The group then decides to take their trailer on a road trip to Scranton (?) to reunite Debra with her parents.  Along the way they encounter an Amish holdout, a community of rogue National Guardsmen and, of course, hordes of undead ghouls.  All the while, Jason's camera is ever-present and it quickly becomes obvious that he's obsessed with recording every aspect of society's meltdown.

Like many of his previous flicks, Romero packs Diary of the Dead with tons of clever subtext.   The horror maestro has a veritable field day commenting about how mainstream media can falsify "reality"  and how the  proliferation of privately owned video cameras and social media can counter-balance this.  Also, the film covers some of the same themes touched on in Midnight Meat Train (reviewed here by your truly).  Indeed, Jason manages to insulate himself quite effectively from all the horror thanks to the distance and abstraction provided by the cold camera lens.      

For this reason alone, the film earns a marginal reprieve, but it still doesn't prevent it from being a somewhat turgid, static and even unintentionally funny affair.  I just kills me how Jason keeps filming incessantly, even when Debra is being assaulted by her zombified brother.  Regardless of how committed he is to capturing everything on video, I can assure you that as soon as he made the mistake of doing this just once, the zombies would be the last thing he'd have to worry about.  In fact his next documentary subject would probably be the inside of his own colon.      

The performances are generally quite good, especially for a Romero flick.  Unfortunately, the hand-held technique seems to devalue the efforts of the actors somewhat.  It also doesn't help that Romero's occasionally ripe dialogue and heavy-handed characterization comes across as a tad hackneyed.  Scott Wentworth as the laconic, British academic advisor really labors under this particular burden.
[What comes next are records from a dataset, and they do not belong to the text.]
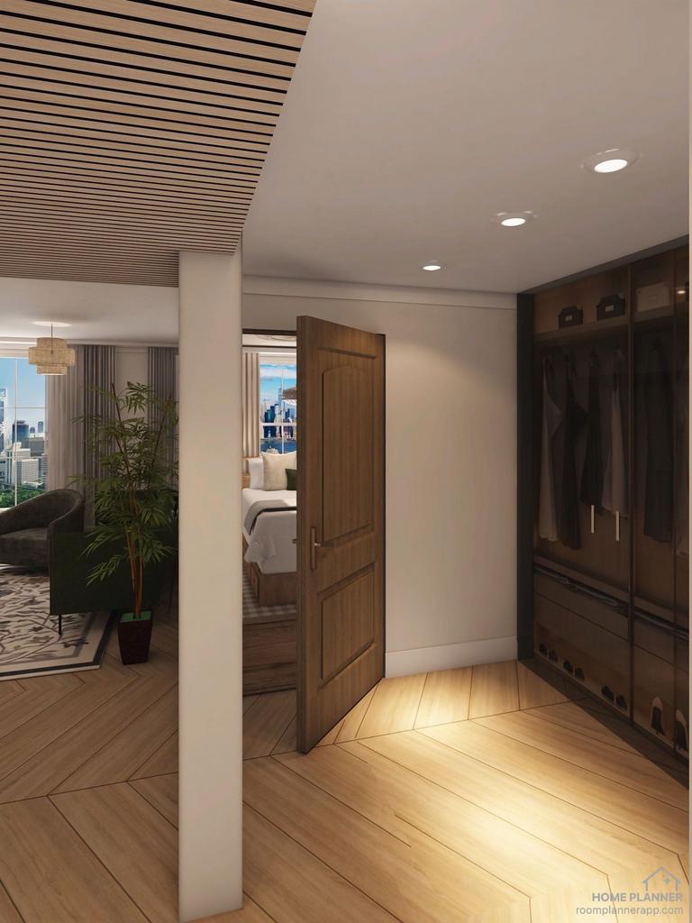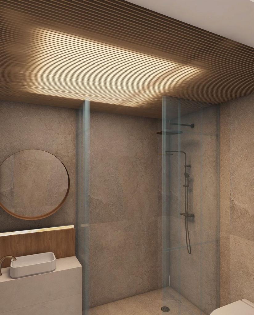 The bathroom is finished in elegant, concrete-effect tiles with a walk-in rain shower, a floating vanity unit, and modern fixtures. The use of wood slats on the ceiling adds a refined, spa-like atmosphere to the space.
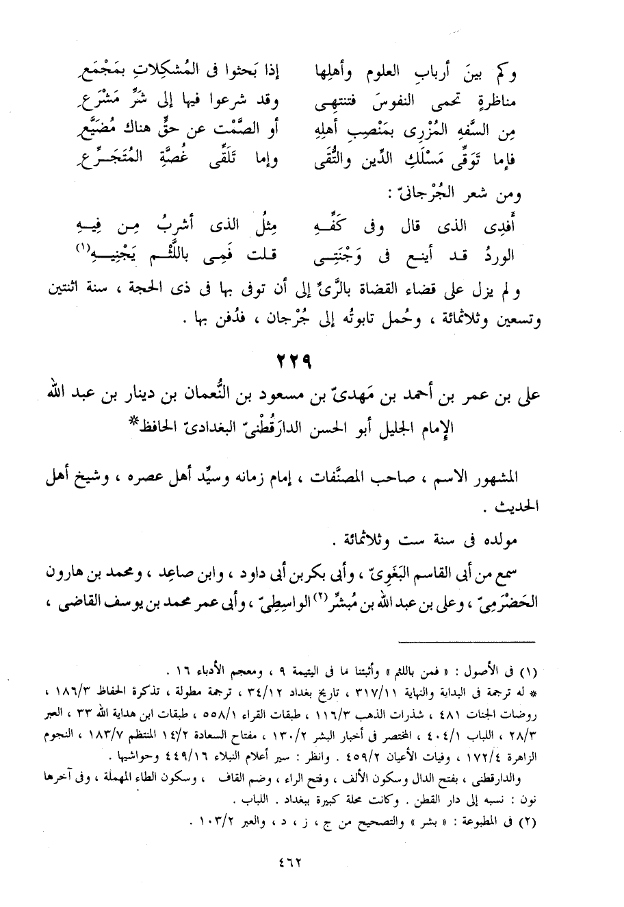229 - على بن عمر بن أَحْمد بن مهدى بن مَسْعُود بن النُّعْمَان بن دِينَار بن عبد الله الإِمَام الْجَلِيل أَبُو الْحسن الدارقطنى البغدادى الْحَافِظ
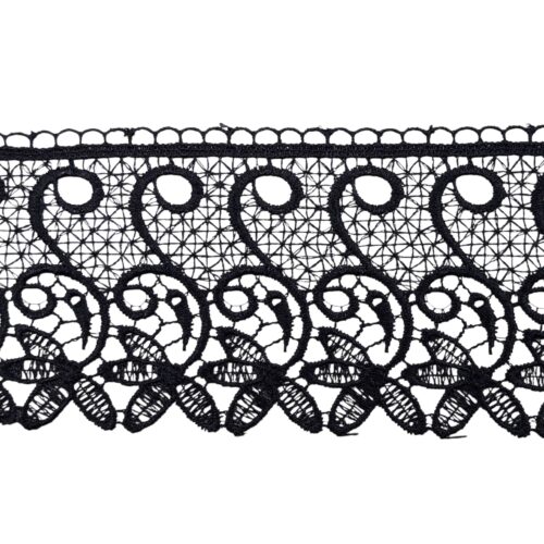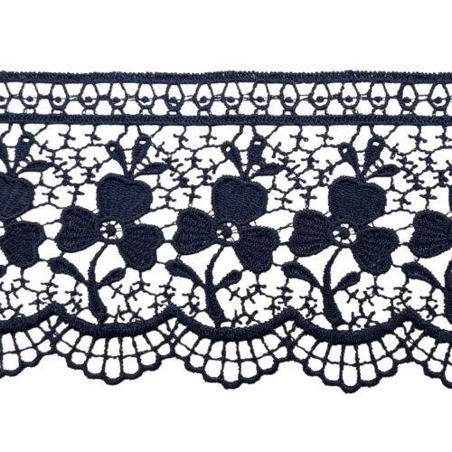 Δαντέλα κιπούρ μαύρη ή μπλε σκούρη σε φάρδος 8 εκατοστά. Η τιμή αφορά το ένα μέτρο.
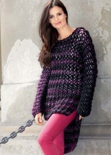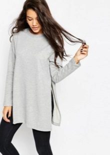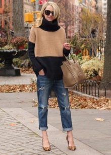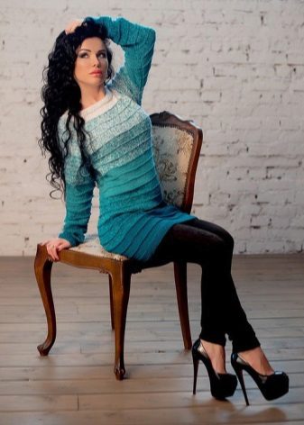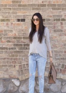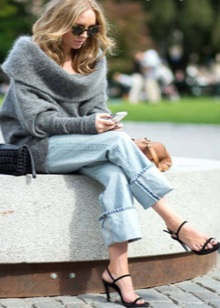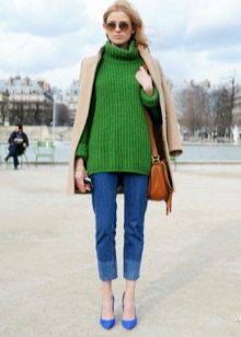For a sweater of any length, you usually want to wear jeans, in the case of an elongated sweater, these are narrowed or even models. Otherwise, the figure may look overweight and disproportionate. If you wear an asymmetric sweater with an elongated back, the front, short edge can tuck inward. This will emphasize the grace of your beautiful girlish figure.
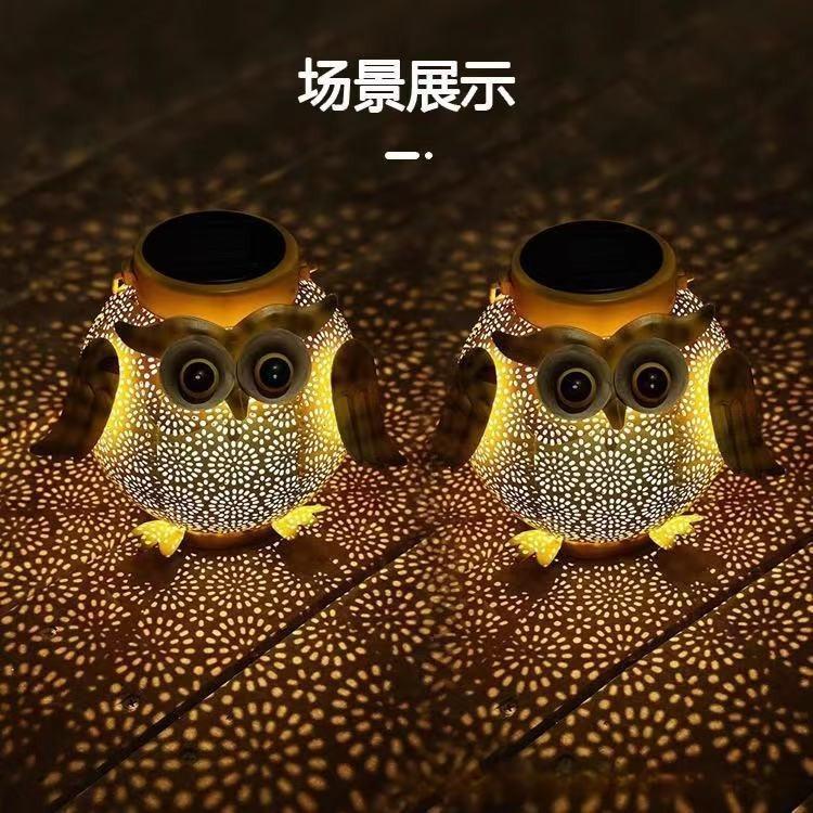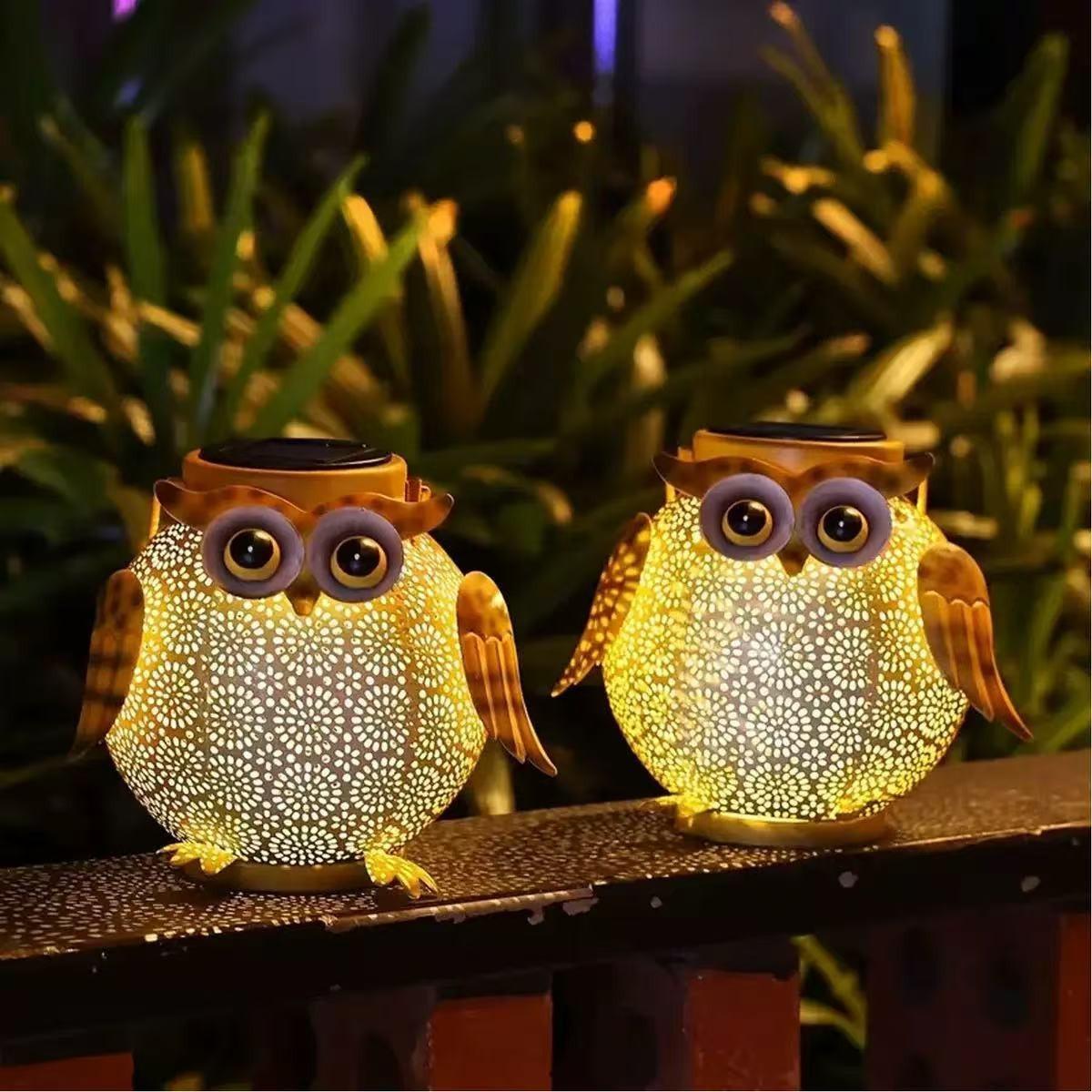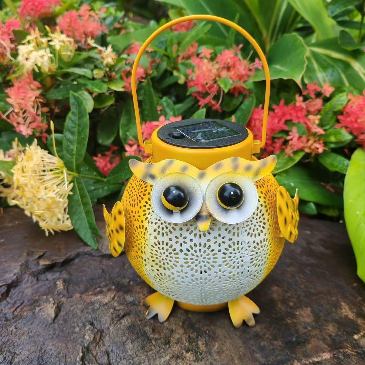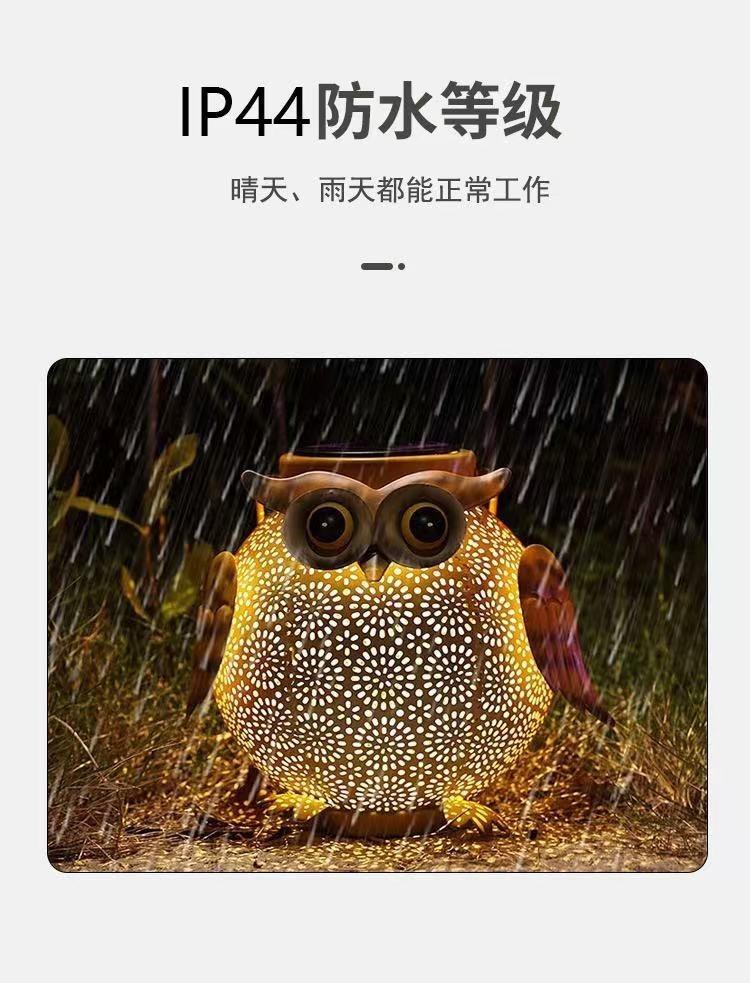 Adorno de Jardín Búho Solar Linterna Búho de Hierro Césped Balcón Luz Nocturna Creativa para Exterior
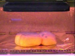 | As the oven continued to heat up, the Spooky Cat turned a crispy black. It didn't smell too bad, actually. Just like roasting a regular marshmallow at camp! |
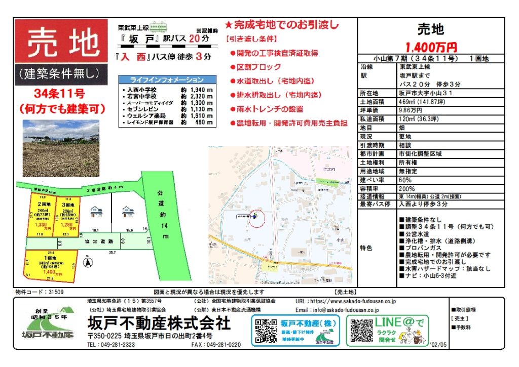 ・価格 1画地 1,400万円(約141坪)
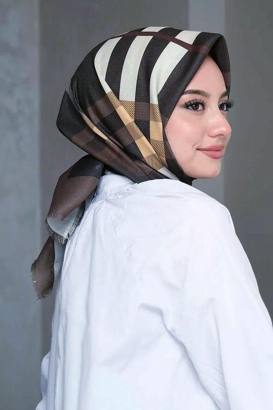 В отличном состоянии женский платок большой из качественного тонкого хлопка выполнен в оливковом оттенке с геометрическим орнаментом. Первое фото с сайта данного бренда. Размер 98на98 см.
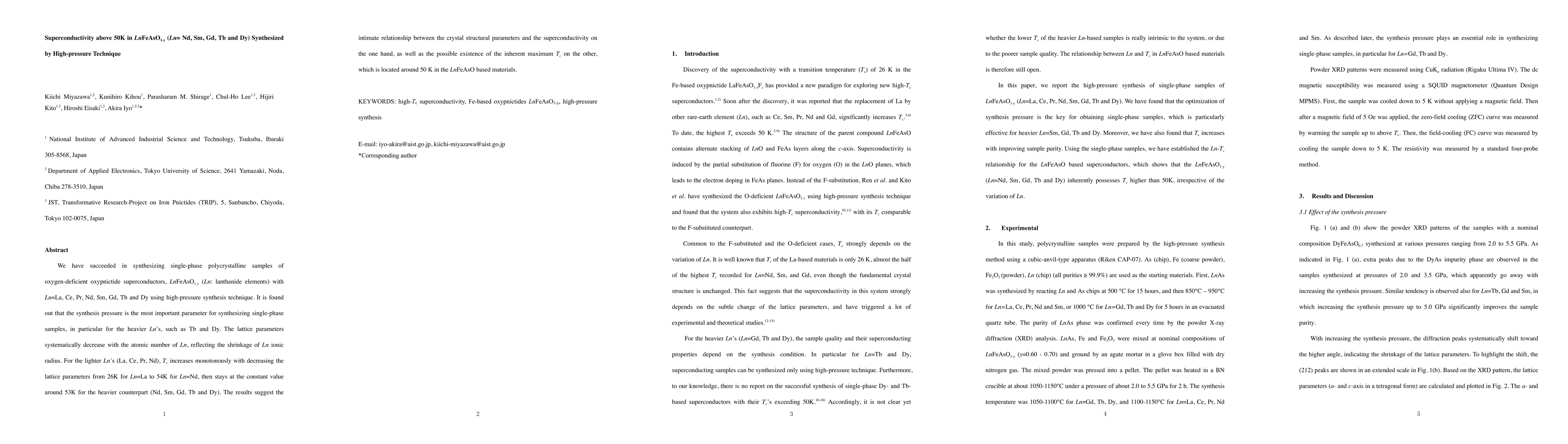 This study reports the successful synthesis of LnFeAsO1-y superconductors under high pressure, achieving superconductivity above 50K, with the highest transition temperature of 54K observed for NdFeAsO1-y. The research highlights the critical role of synthesis pressure in obtaining single-phase samples and notes a plateau in Tc for heavier lanthanides, suggesting an inherent maximum Tc around 50K in these materials.
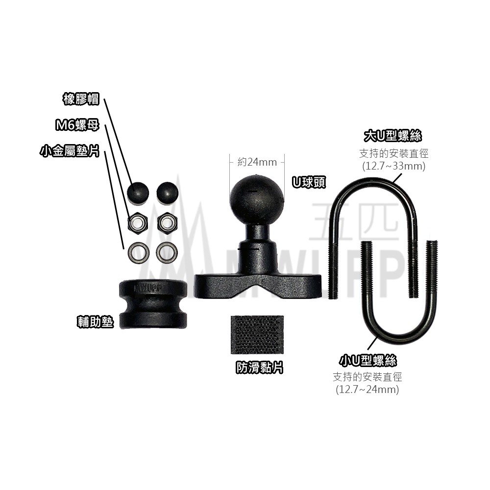 五匹 MWUPP 台灣專用版 原廠授權 U型球頭 裸把橫桿 飾桿 新版 osopro 變徑球頭
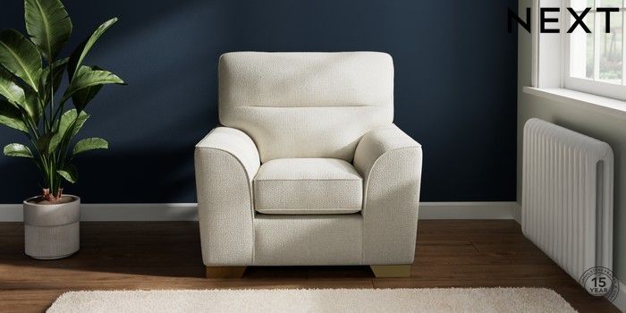 7.2.10 Buy Stamford Highback Armchair Chunky Texture Oyster Square Angle - Brushed Brass from the Next UK online shop Click here to use our accessible website
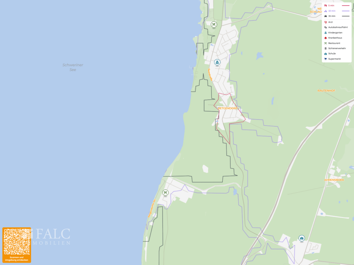 Retgendorf ist ein kleines, ruhig gelegenes Dorf im Nordosten Deutschlands und befindet sich in unmittelbarer Nähe zum Ufer des Schweriner See. Die Umgebung ist geprägt von einer sanft hügeligen Landschaft, weitläufigen Wiesen sowie dichten Wäldern und bietet eine besonders reizvolle Kulisse für Naturliebhaber und Erholungssuchende.
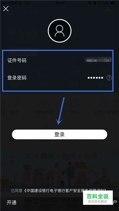 然后输入你的证件号码和登录密码并点击登录,如下图所示。
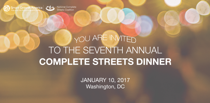 Join the National Complete Streets Coalition at our Seventh Annual Complete Streets Dinner, held on Tuesday, January 10, 2017 in Washington, DC. Conveniently scheduled during the 2017 Transportation Research Board meeting, this intimate and fun event brings together top Complete Streets professionals, policymakers, supporters, and friends to celebrate the successes of the Complete Streets movement in the last year.
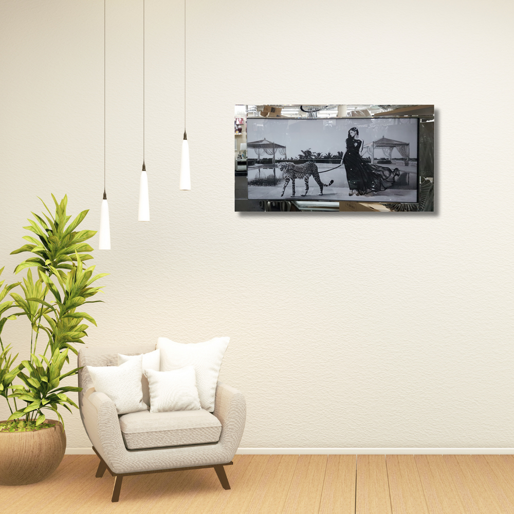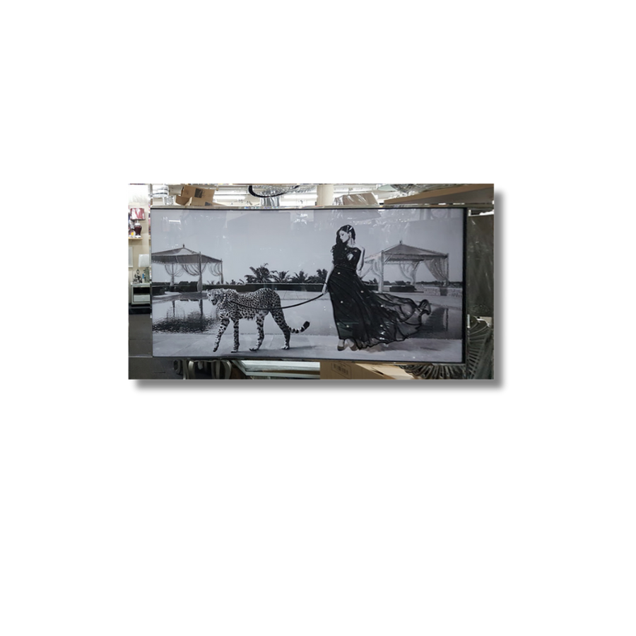 Adorn your space with the bold statement of the 'Lady in Black Dress Walking a Cheetah' decor piece, where the thrill of the wild meets the poise of high fashion. The artwork, highlighted by crystals and encased in a mirror frame, evokes a sense of daring sophistication in any room. Why you'll love it: Exotic Elegance: The rare sight of a cheetah on a leash brings an exotic touch to your decor. Fashion-Forward: A lady in a timeless black dress lends a couture feel, perfect for those with an eye for style. Sparkling Accents: Crystals add a touch of luxury, ensuring this piece catches the eye and captivates the imagination.

Although the production values look pretty solid, the found footage approach makes it seem needlessly cheap and amateurish.  If this actually was a student film, I'd be somewhat impressed but coming from an industry veteran like Romero, it's kinda weak-sauce.  To make matters even worse, Romero actually stoops to using generous dollops of CGI, which sticks out like a sore thumb.  Coming from one of the biggest proponents of practical, in camera splatter effects, this is pretty disappointing.

The sad fact is, having our point of view constantly linked to a conceptual "video camera" really is counter-productive when generating suspense.  For example, the "climactic" final act in Ridley's house is completely devoid of tension since the mansion's security cameras show us everything that's going on.   Sorry, but grainy footage of an actor in barely-discernible zombie make-up stumbling comically around until he runs into a character wielding a camcorder is barely engaging let alone scary.

At least Romero went through the trouble of infusing his story with some subtext, which is a helluva lot more then what most writer/directors do nowadays.  Unfortunately the technique chosen to tell the story is counter-intuitive to it's impact.  It's a failed experiment that probably looked a lot better on paper then in did the editing room.